Choosing the threshold — thresh = 0.3 is a starting point. If your network is too dense (density > 0.1), increase to 0.4–0.5. If it is too sparse (most nodes disconnected), lower to 0.25. Always report the threshold you used.
Compositionality — if you are working with raw 16S relative abundances without CLR normalization, Spearman correlations will be biased. Either apply CLR (as done here via normMethod = "clr") or use SparCC. Never use Pearson on untransformed relative abundances.

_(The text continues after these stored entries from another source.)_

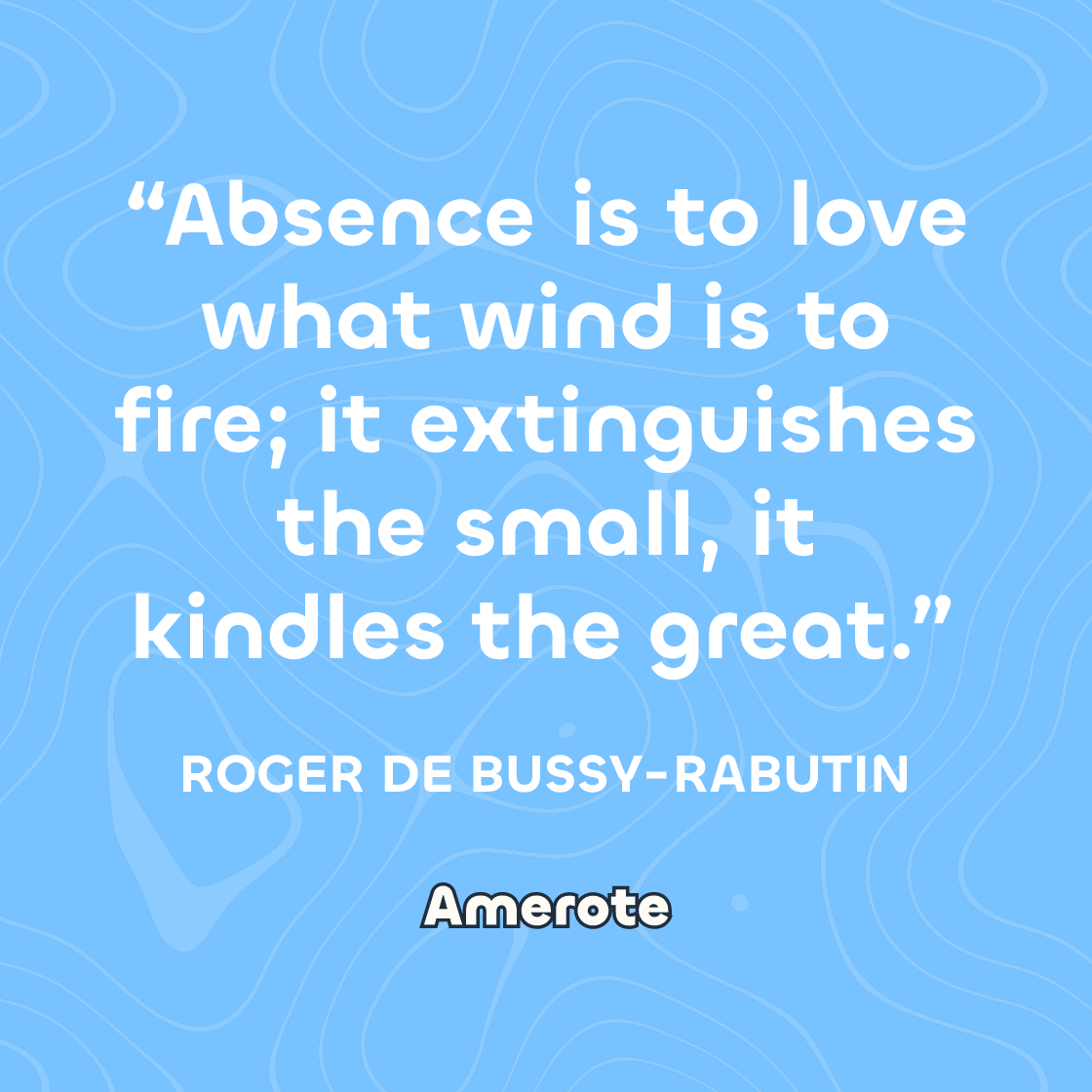 - “Absence is to love what wind is to fire; it extinguishes the small, it kindles the great.” — Roger de Bussy‑Rabutin, Lettres d’amour (1667)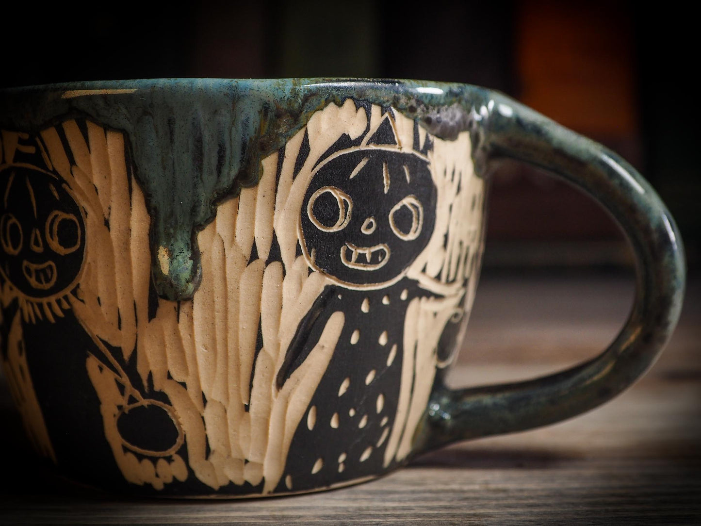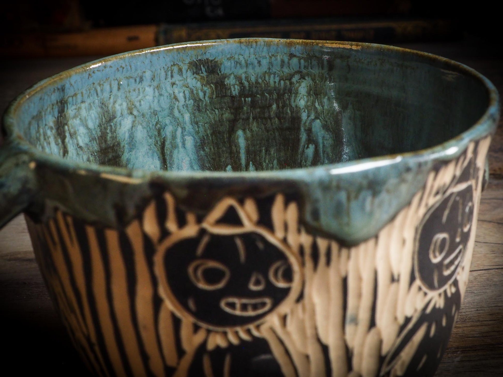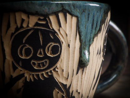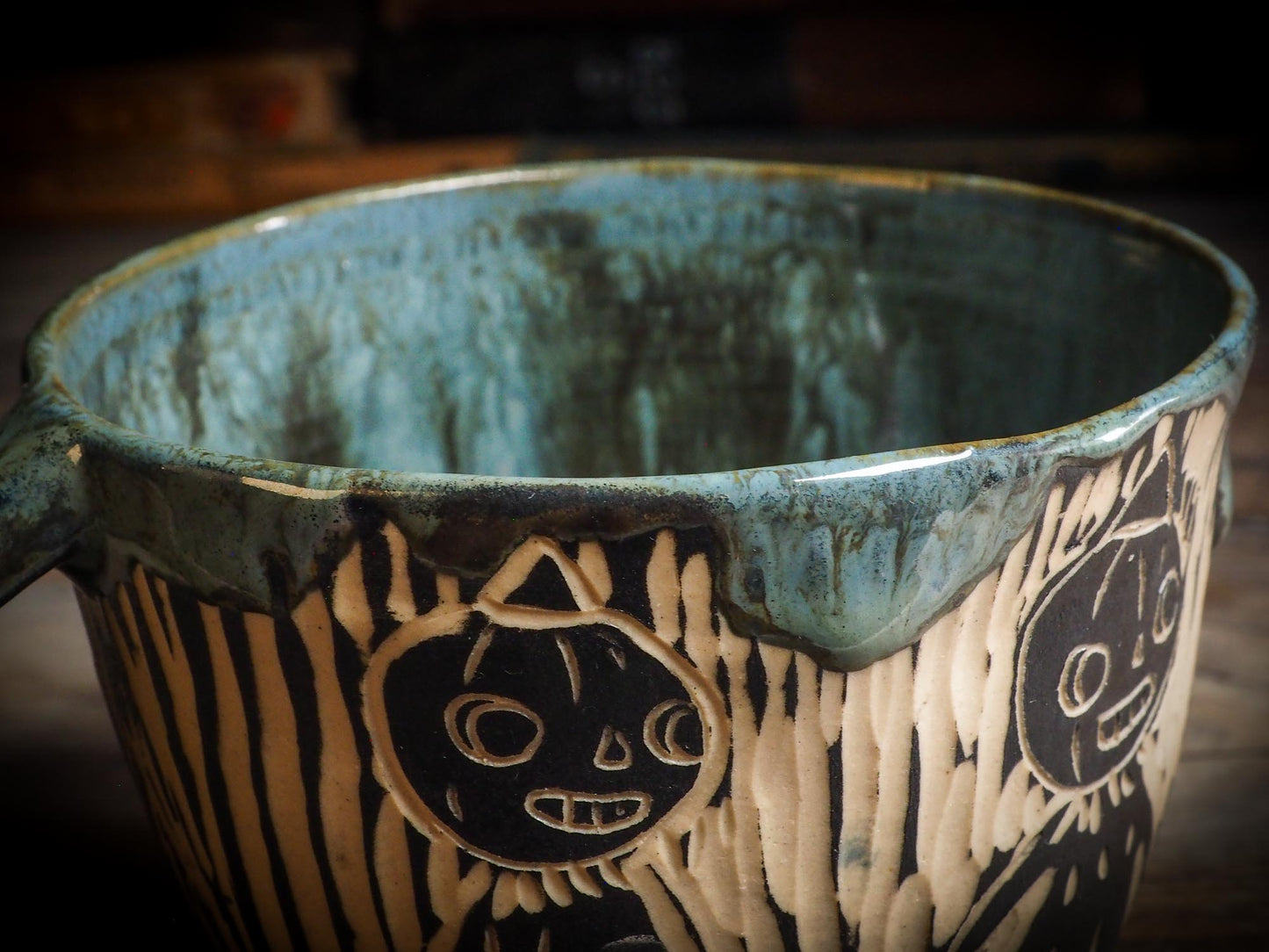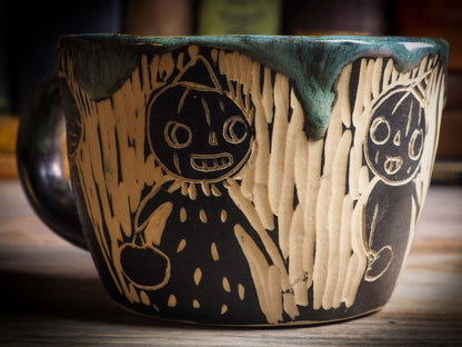 It measures 3 1/2 x 2 1/2 x 2 1/2 Inches, made with wheel thrown clay, hand carved and glazed by me with a dark, gooey glaze on the outside as well as the inside. The carved figures give it a nice, folk art primitive feel to it.
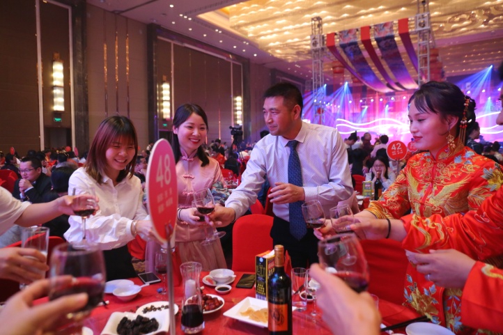 仪式圆满结束后,郭学斌为50对新人证婚并祝福这50对新人们婚姻幸福,地久天长。同时也希望他们担负起对家庭和社会的责任,共创辉煌灿烂的生活和事业。随后喜宴开始,宁德市总工会准备了精彩的歌舞表演为大家助兴,为新人送去美好祝福。大家欢声笑语,举杯畅饮,青拓集团行政总经理钟盛江还与青拓的10对新人碰杯并送上深深的祝福,新人们纷纷感谢宁德工会、青拓工会这些贴心的“娘家人”,并表示将坚定不移地在宁德这片沃土发挥自己的光和热。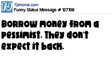- # 173694 Always borrow money from pessimists -- they don't expect it back. ~ Steven Wright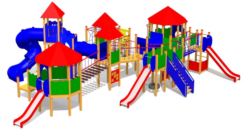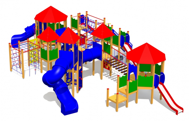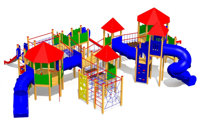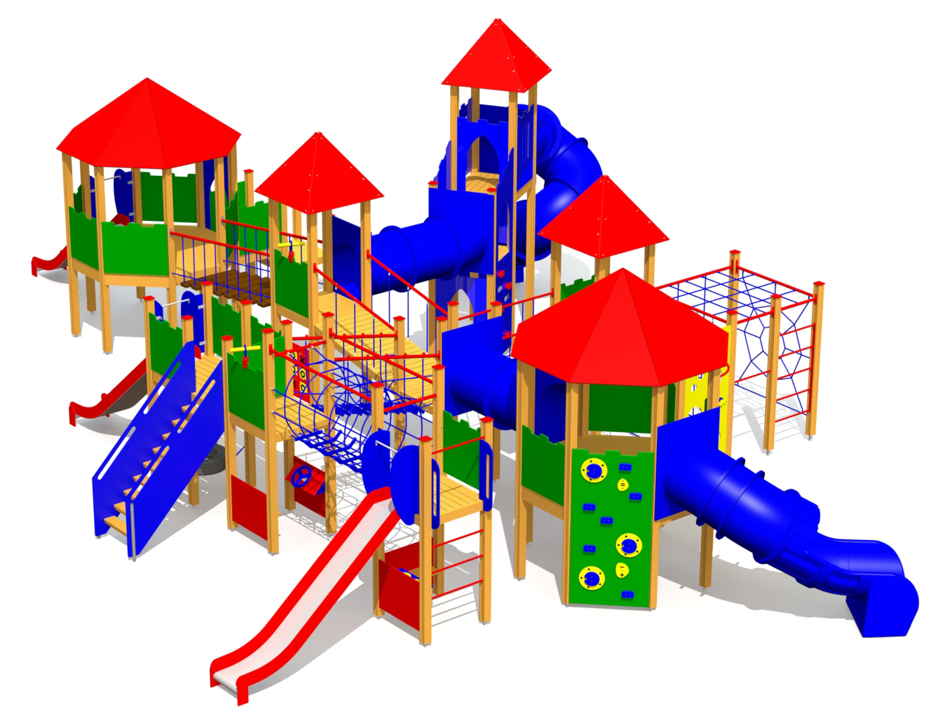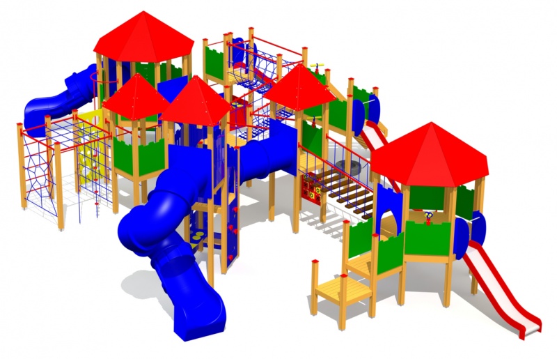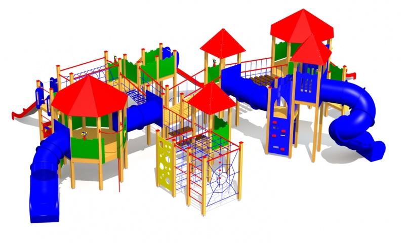 Mycket stor och variationsrik lekställning som erbjuder omfattande klättring, balanslek och fantasifullt samspel.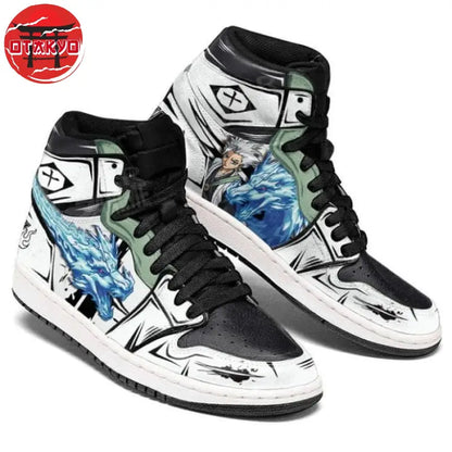 Chaussures hautes type Jordan 1 à l'effigie de Tōshirō Hitsugaya, le capitaine de la 10ème division du Goteï 13, ainsi le prodige de la soul society dans le manga Bleach™.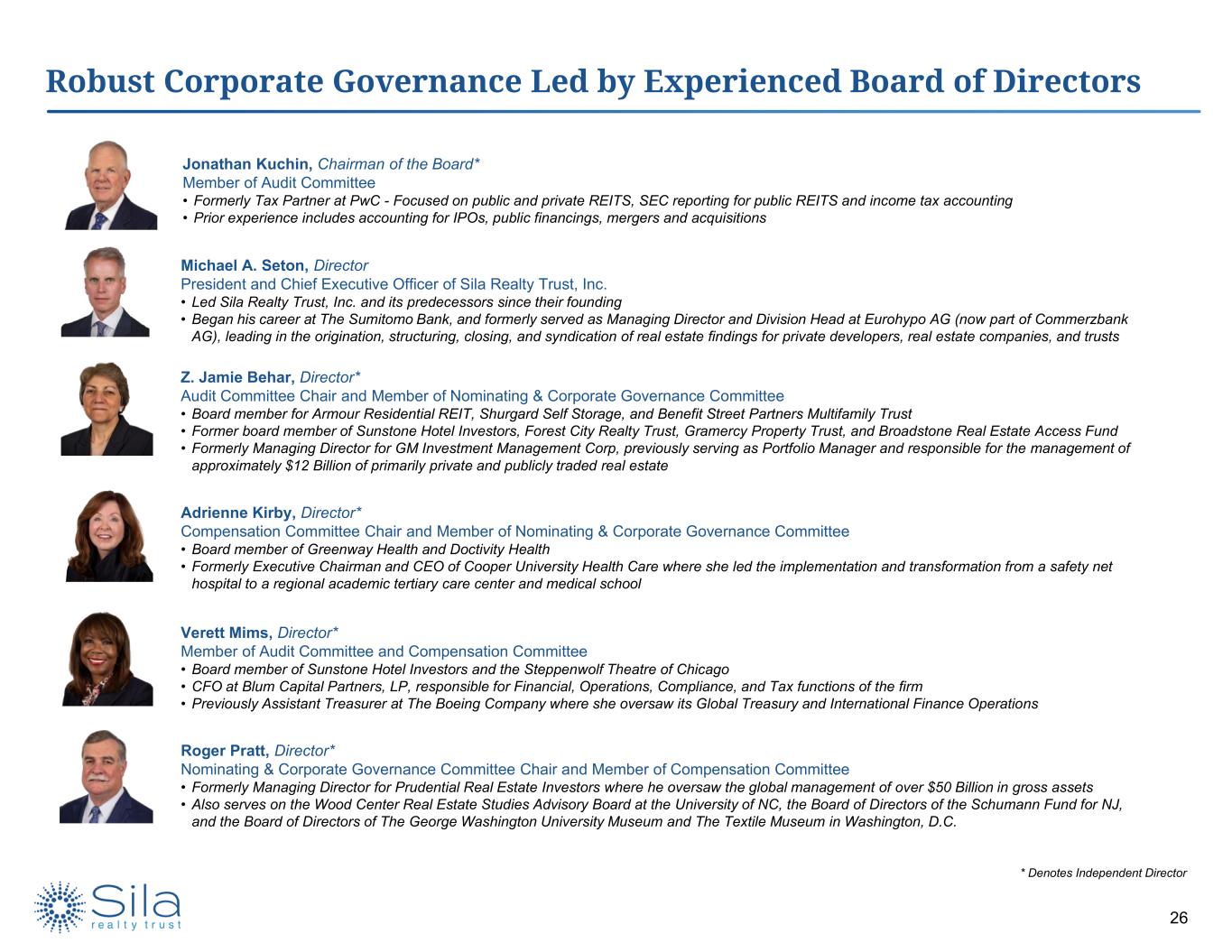 26 Robust Corporate Governance Led by Experienced Board of Directors * Denotes Independent Director Jonathan Kuchin, Chairman of the Board* Member of Audit Committee • Formerly Tax Partner at PwC - Focused on public and private REITS, SEC reporting for public REITS and income tax accounting • Prior experience includes accounting for IPOs, public financings, mergers and acquisitions Michael A. Seton, Director President and Chief Executive Officer of Sila Realty Trust, Inc. • Led Sila Realty Trust, Inc. and its predecessors since their founding • Began his career at The Sumitomo Bank, and formerly served as Managing Director and Division Head at Eurohypo AG (now part of Commerzbank AG), leading in the origination, structuring, closing, and syndication of real estate findings for private developers, real estate companies, and trusts Z. Jamie Behar, Director* Audit Committee Chair and Member of Nominating & Corporate Governance Committee • Board member for Armour Residential REIT, Shurgard Self Storage, and Benefit Street Partners Multifamily Trust • Former board member of Sunstone Hotel Investors, Forest City Realty Trust, Gramercy Property Trust, and Broadstone Real Estate Access Fund • Formerly Managing Director for GM Investment Management Corp, previously serving as Portfolio Manager and responsible for the management of approximately $12 Billion of primarily private and publicly traded real estate Adrienne Kirby, Director* Compensation Committee Chair and Member of Nominating & Corporate Governance Committee • Board member of Greenway Health and Doctivity Health • Formerly Executive Chairman and CEO of Cooper University Health Care where she led the implementation and transformation from a safety net hospital to a regional academic tertiary care center and medical school Verett Mims, Director* Member of Audit Committee and Compensation Committee • Board member of Sunstone Hotel Investors and the Steppenwolf Theatre of Chicago • CFO at Blum Capital Partners, LP, responsible for Financial, Operations, Compliance, and Tax functions of the firm • Previously Assistant Treasurer at The Boeing Company where she oversaw its Global Treasury and International Finance Operations Roger Pratt, Director* Nominating & Corporate Governance Committee Chair and Member of Compensation Committee • Formerly Managing Director for Prudential Real Estate Investors where he oversaw the global management of over $50 Billion in gross assets • Also serves on the Wood Center Real Estate Studies Advisory Board at the University of NC, the Board of Directors of the Schumann Fund for NJ, and the Board of Directors of The George Washington University Museum and The Textile Museum in Washington, D.C.

Interpreting Zi-Pi — the thresholds (Zi > 2.5, Pi > 0.62) were proposed for gut microbiome data. For environmental communities, particularly sparse ones, fewer nodes will exceed these thresholds. If no network hubs appear in your data, that is an ecological finding, not a bug.
Ecological interpretation
In our estuarine dataset, the main questions were:
Free-living vs. particle-attached (FL vs. PA): PA networks consistently showed higher modularity and a higher positive:negative edge ratio, consistent with the idea that particle surfaces act as concentrated resource patches where syntrophic or facilitative interactions dominate. FL communities showed more competitive structure (more negative edges, lower modularity).
Bay comparison (CP vs. DE): Delaware Bay networks showed stronger salinity-correlated module structure, reflecting its stronger salinity gradient compared to Chesapeake Bay.
Keystone taxa: Connector nodes identified by Zi-Pi analysis were enriched in Planktomycetota and Bacteroidota — phyla known for their roles in particle degradation and cross-ecosystem carbon cycling.
This workflow uses R packages NetCoMi, igraph, tidygraph, ggraph, microeco, and patchwork. Data: 36 estuarine metagenomes from Chesapeake and Delaware Bay. Genomes: 1,000 reference genomes from GTDB r220.